6. Composition for its use according to any one of claims 1 to 5, said composition being in three parts, a first part comprising the source (s) of dietary fiber and glutamine, a second part comprising the probiotic (s), a third part. comprising the source or sources of omega-3, the antioxidant (s) being included in the first part of the composition and / or in the third part of the composition, preferably included in the first part and in the third part of the composition .

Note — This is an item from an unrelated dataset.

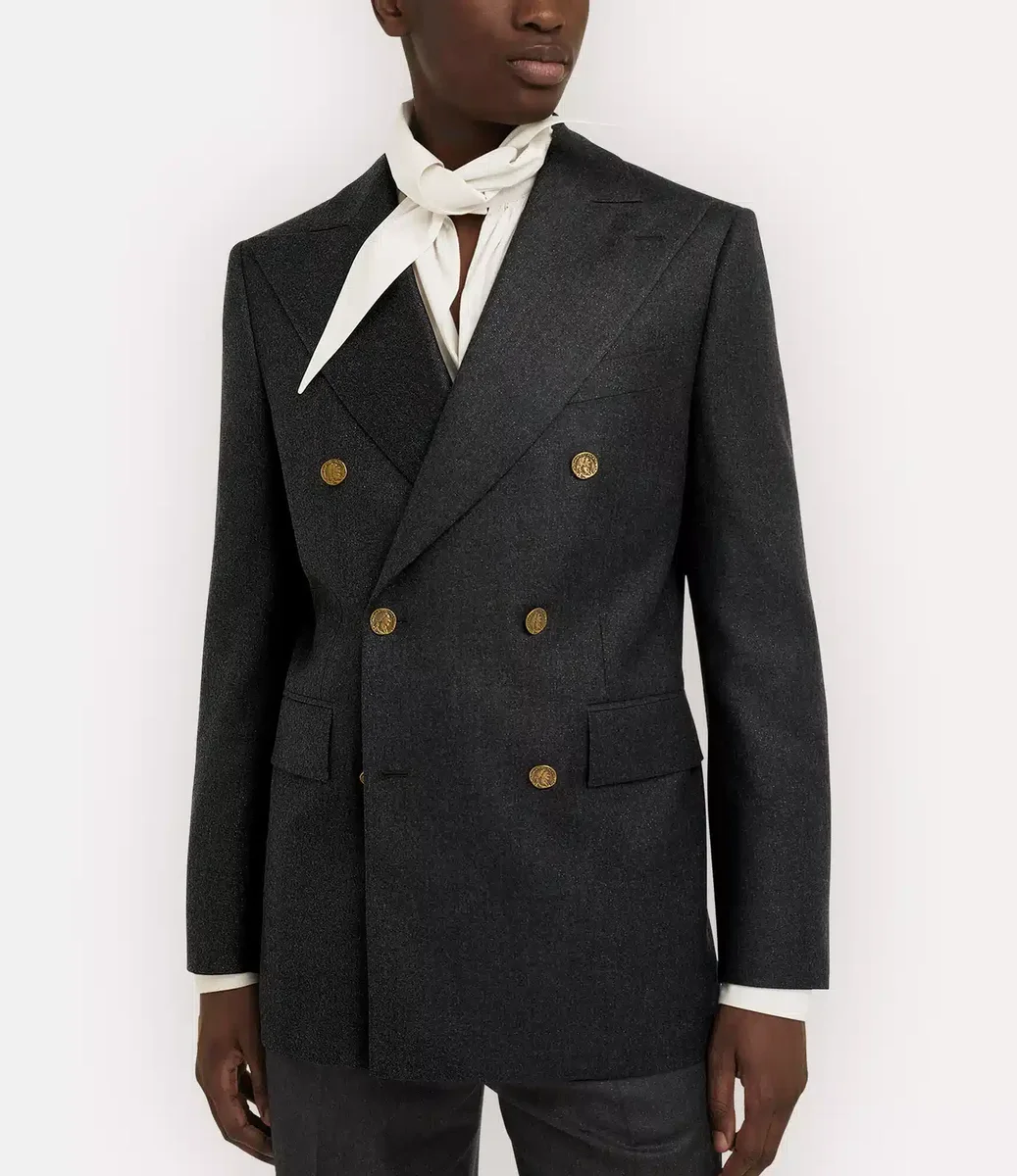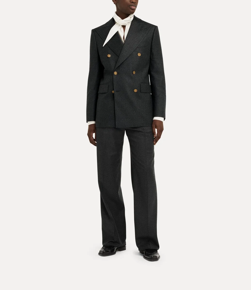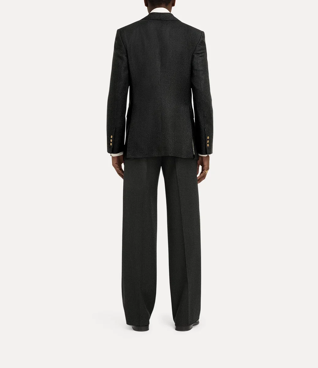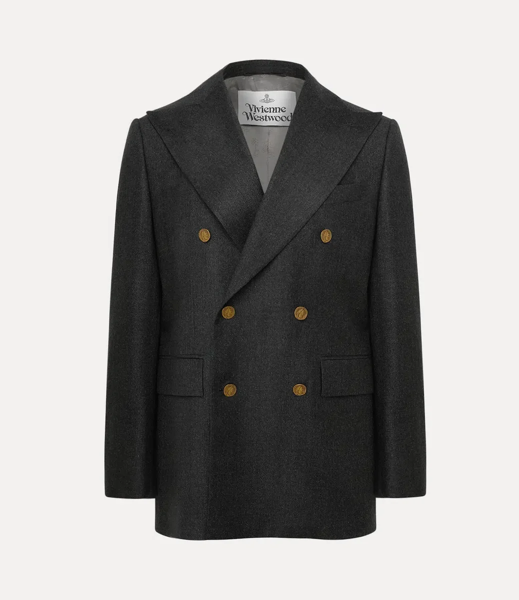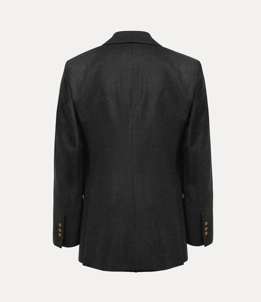 Jacheta noastră Captain are un profil din lână, țesută delicat, cu un finisaj metalic periat. Încadrată de revere ascuțite, silueta cade într-o linie curată, cu fante în spate, completată de căptușeala interioară „Tossed Orb” – sinonimă cu viziunea Viviennei de a lansa tradiția în viitor.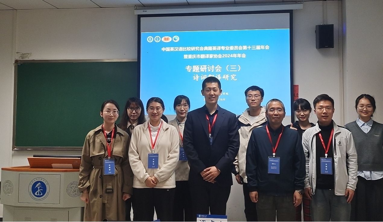 中国英汉语比较研究会典籍英译专业委员会第十三届年会暨重庆市翻译家协会2024年年会于2024年11月16日至17日在西南大学成功举办。在本次年会上,我院师生展现出对典籍英译研究的极高热情,共有李永毅、游振声、路斯琪、邹远鹏和陶叶茂等5位教师以及14位硕博士研究生参与,他们不仅在会议中分享研究,还深入参与研讨会的评点工作,展现了学院在典籍翻译领域的学术实力和研究活力。

7. Composition for its use according to claim 6, wherein the first part of the composition has a total content of fiber sources ranging from 30 to 70% by weight, preferably ranging from 40 to 60% by weight, relative to total weight of the first part of the composition.

8. Composition for its use according to claim 6 or 7, wherein the first part of the composition has a total glutamine content ranging from 30 to 70% by weight, preferably ranging from 40 to 60% by weight, relative to total weight of the first part of the composition.

9. Composition for its use according to any one of claims 6 to 8, in which the third part of the composition has a total content of omega-3 sources ranging from 10 to 50% by weight, preferably ranging from 20 at 40% by weight, relative to the total weight of the third part of the composition.

10. A composition for its use according to any one of claims 1 to 9, wherein dysbiosis of the intestinal microbiota is associated with Irritable Bowel Syndrome (ER), type I diabetes, type II diabetes, obesity, nonalcoholic fatty liver disease (NASH) and Crohn's disease, preferably associated with Irritable Bowel Syndrome (AD), type I diabetes, type II diabetes, obesity and non-alcoholic fatty liver disease (NASH), and more preferably associated with Irritable Bowel Syndrome (AD).